> [Exercise requirements]
Everything from the line with "2025 Cam Schlitter" to the end of the data below, both lines included, should be transcribed exactly; please omit the pictures.

> [Dataset excerpt]
=== Section Start ===

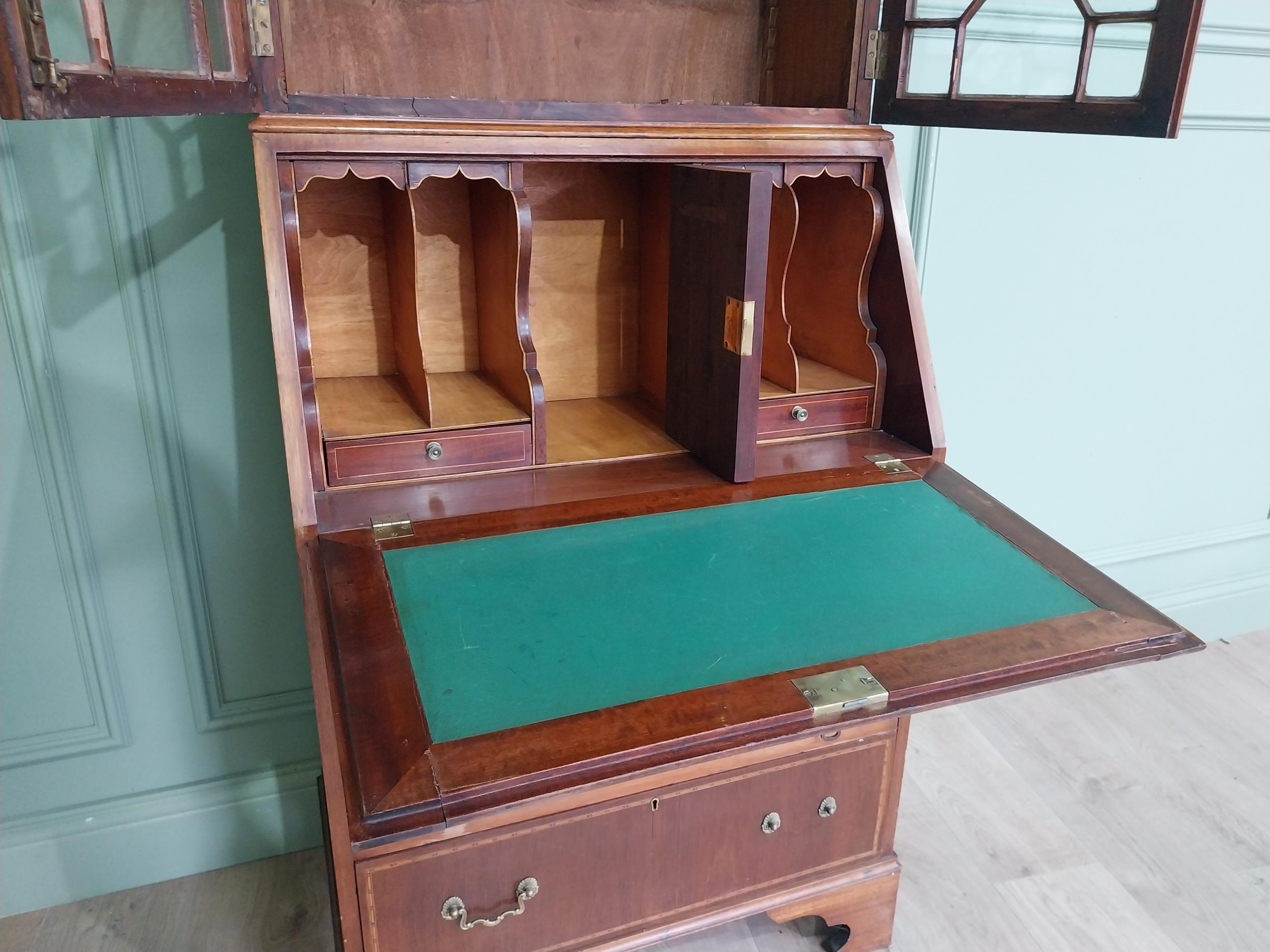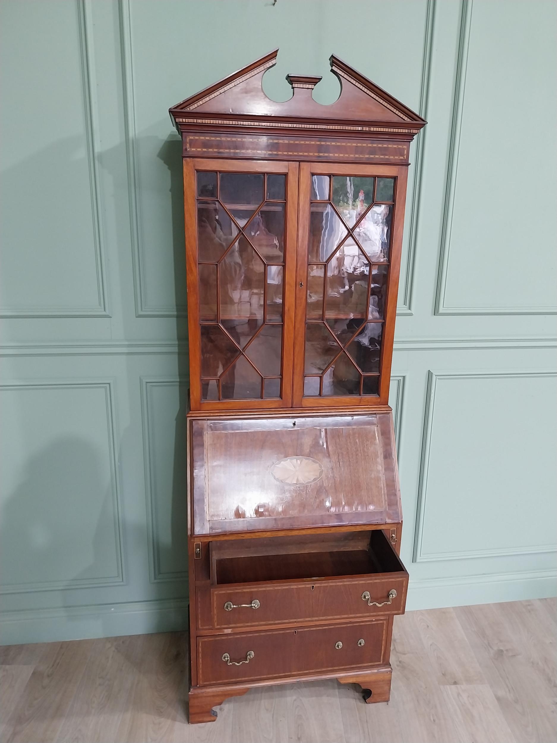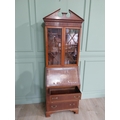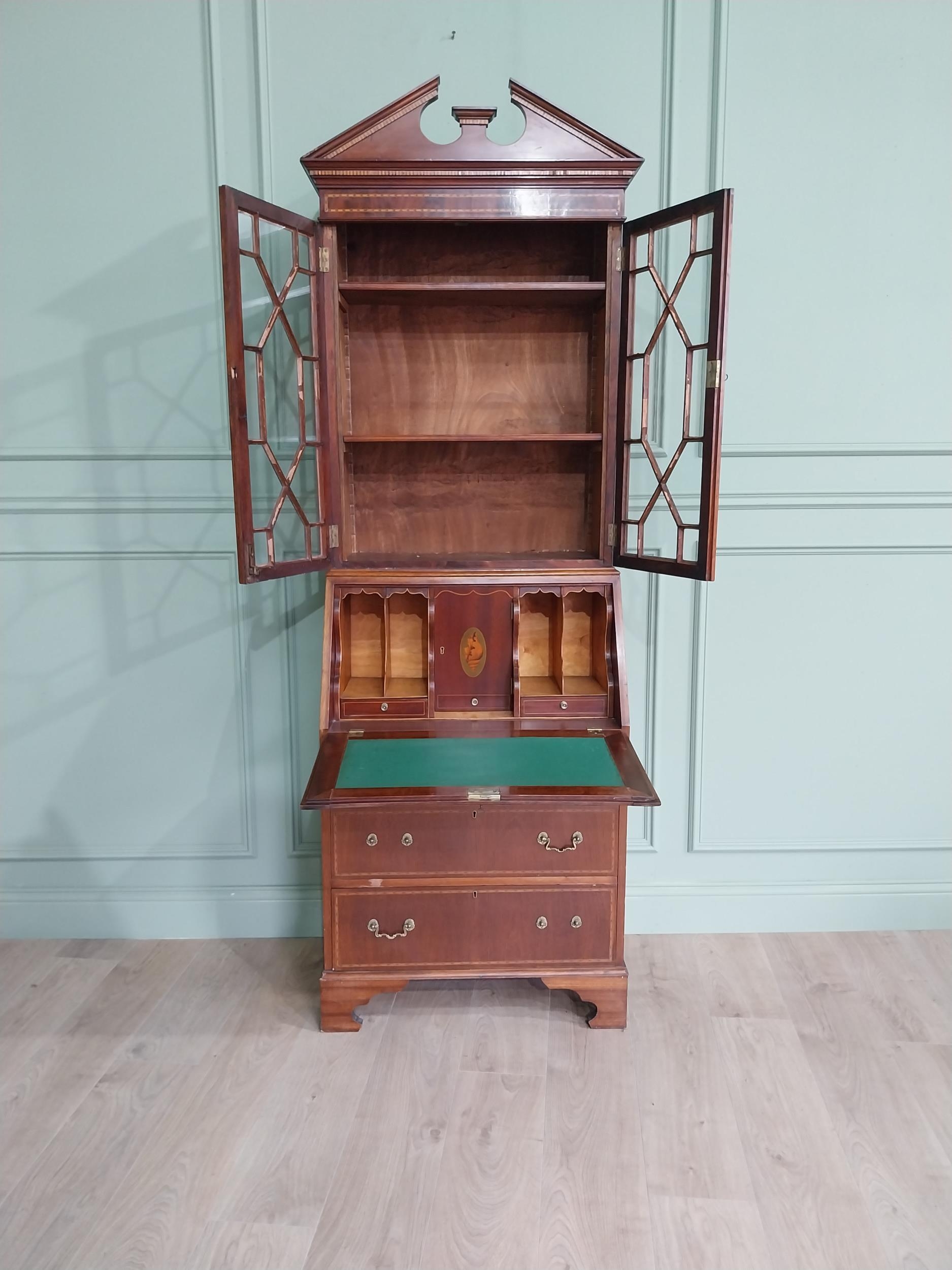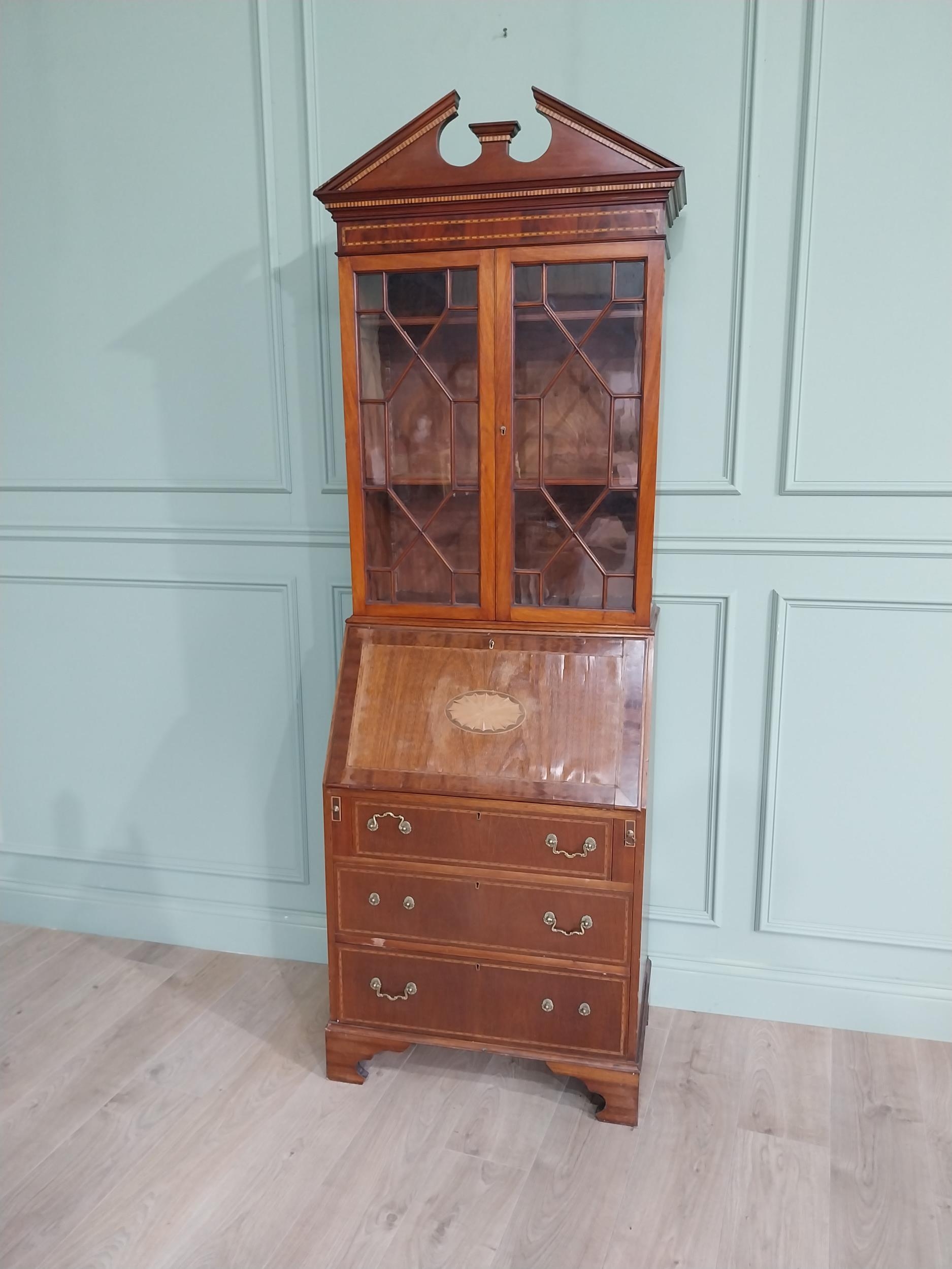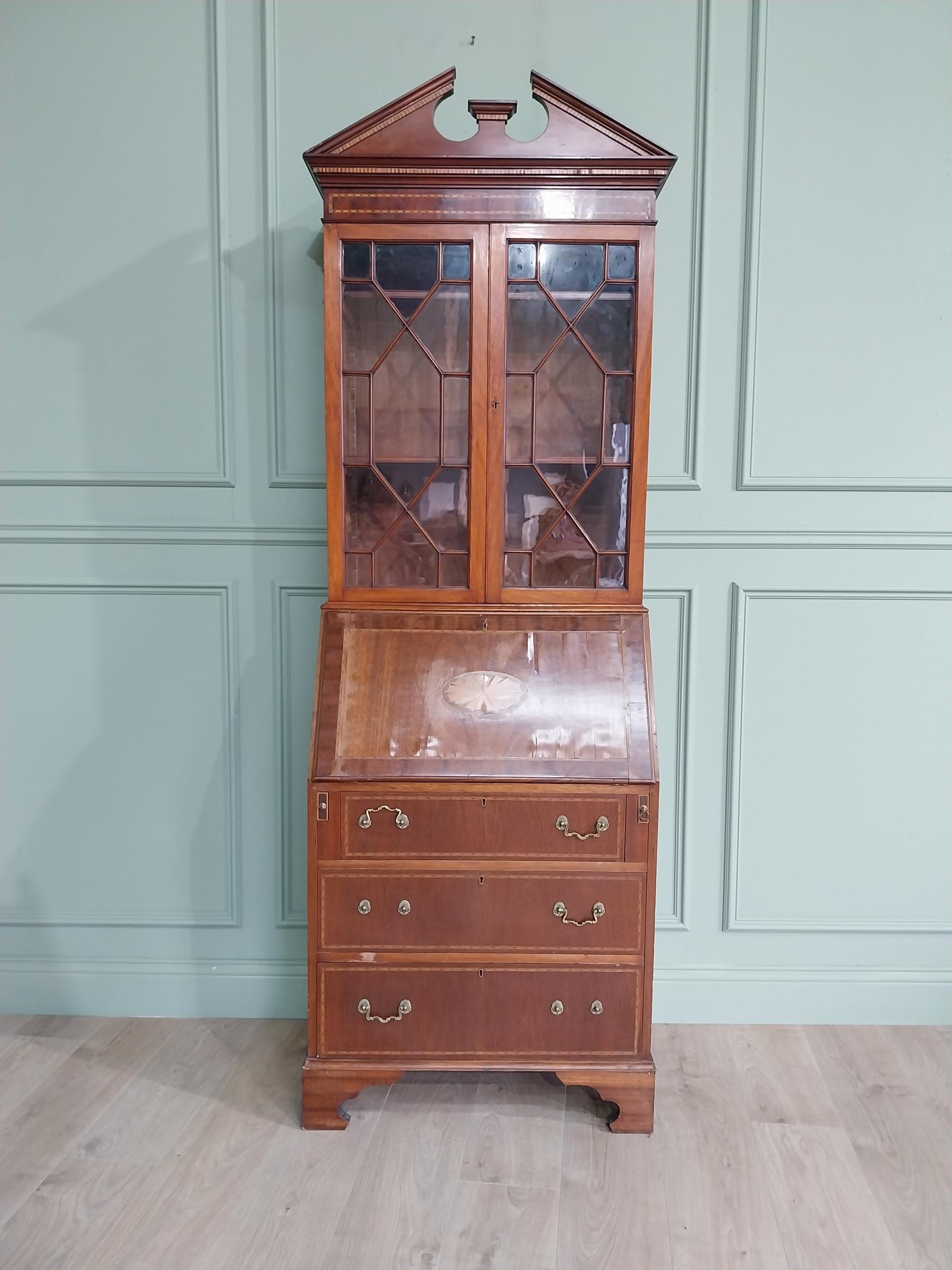 Edwardian mahogany bureau bookcase with two astral glazed doors, over fitted interior and three long graduated drawers raised on bracket feet {208 cm H x 68 cm W x 48 cm D}.
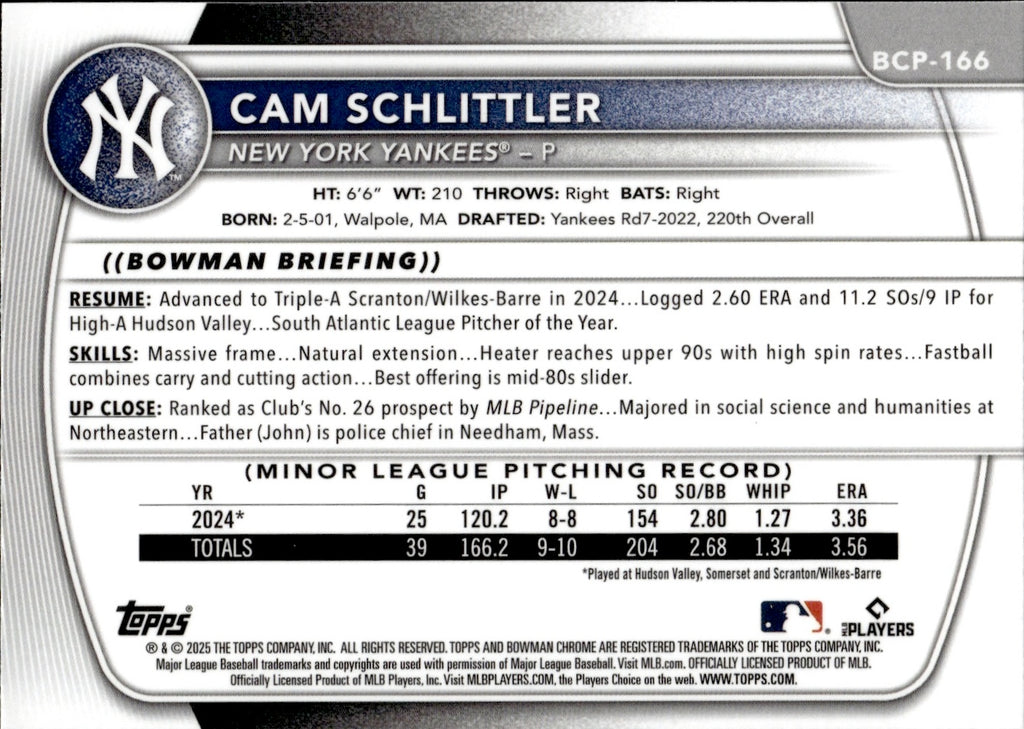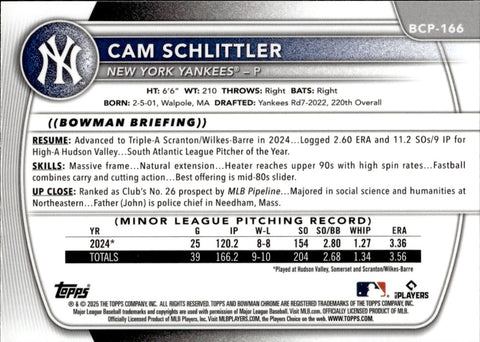 2025 Cam Schlitter Bowman Chrome 1ST BOWMAN MEGA BOX MOJO #BCP-166 New York Yankees
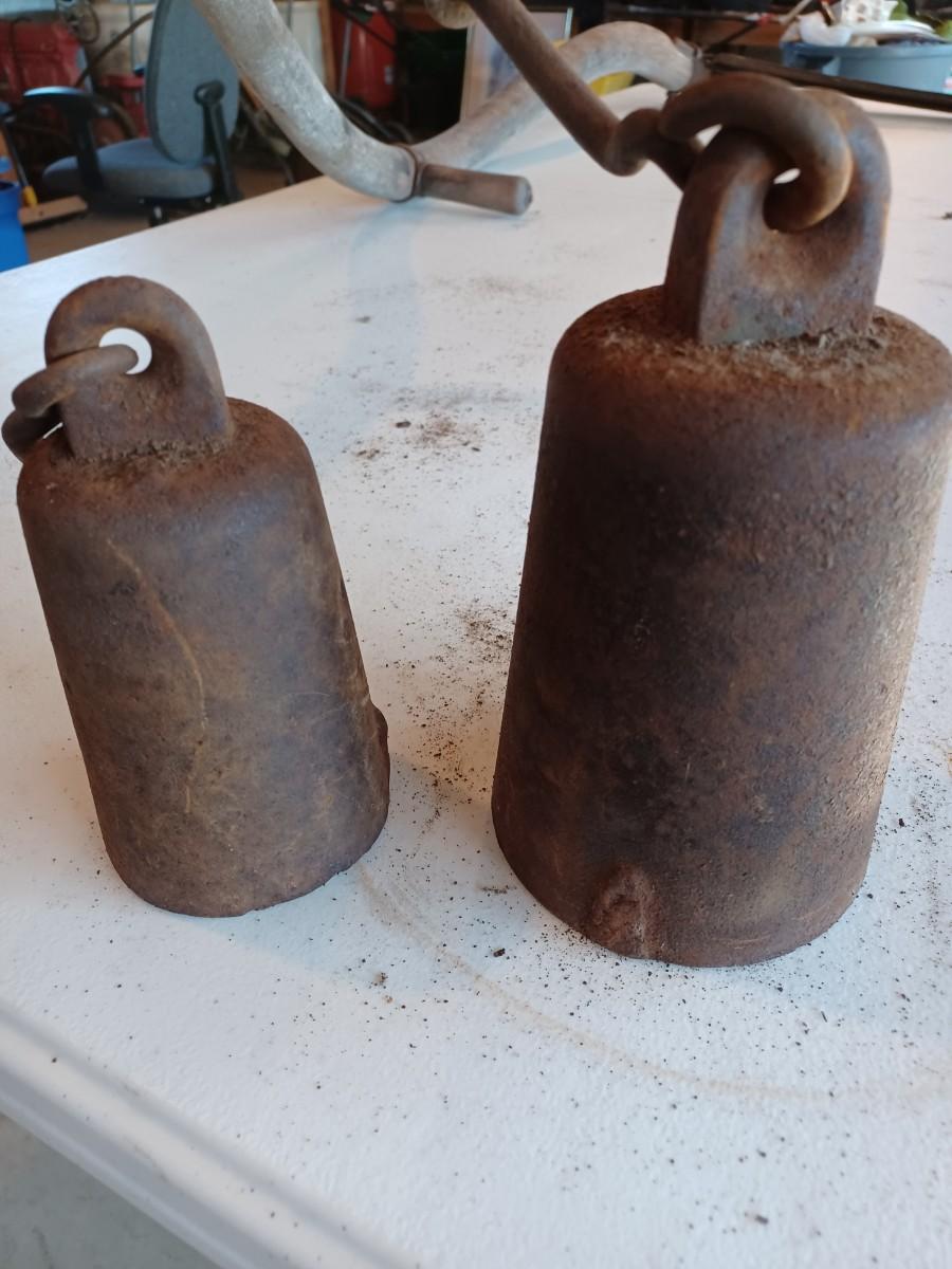 2 Vintage Rustic Hanging Balance Scale Weights

=== Section End ===

> [Solution below]
 2025 Cam Schlitter Bowman Chrome 1ST BOWMAN MEGA BOX MOJO #BCP-166 New York Yankees
 2 Vintage Rustic Hanging Balance Scale Weights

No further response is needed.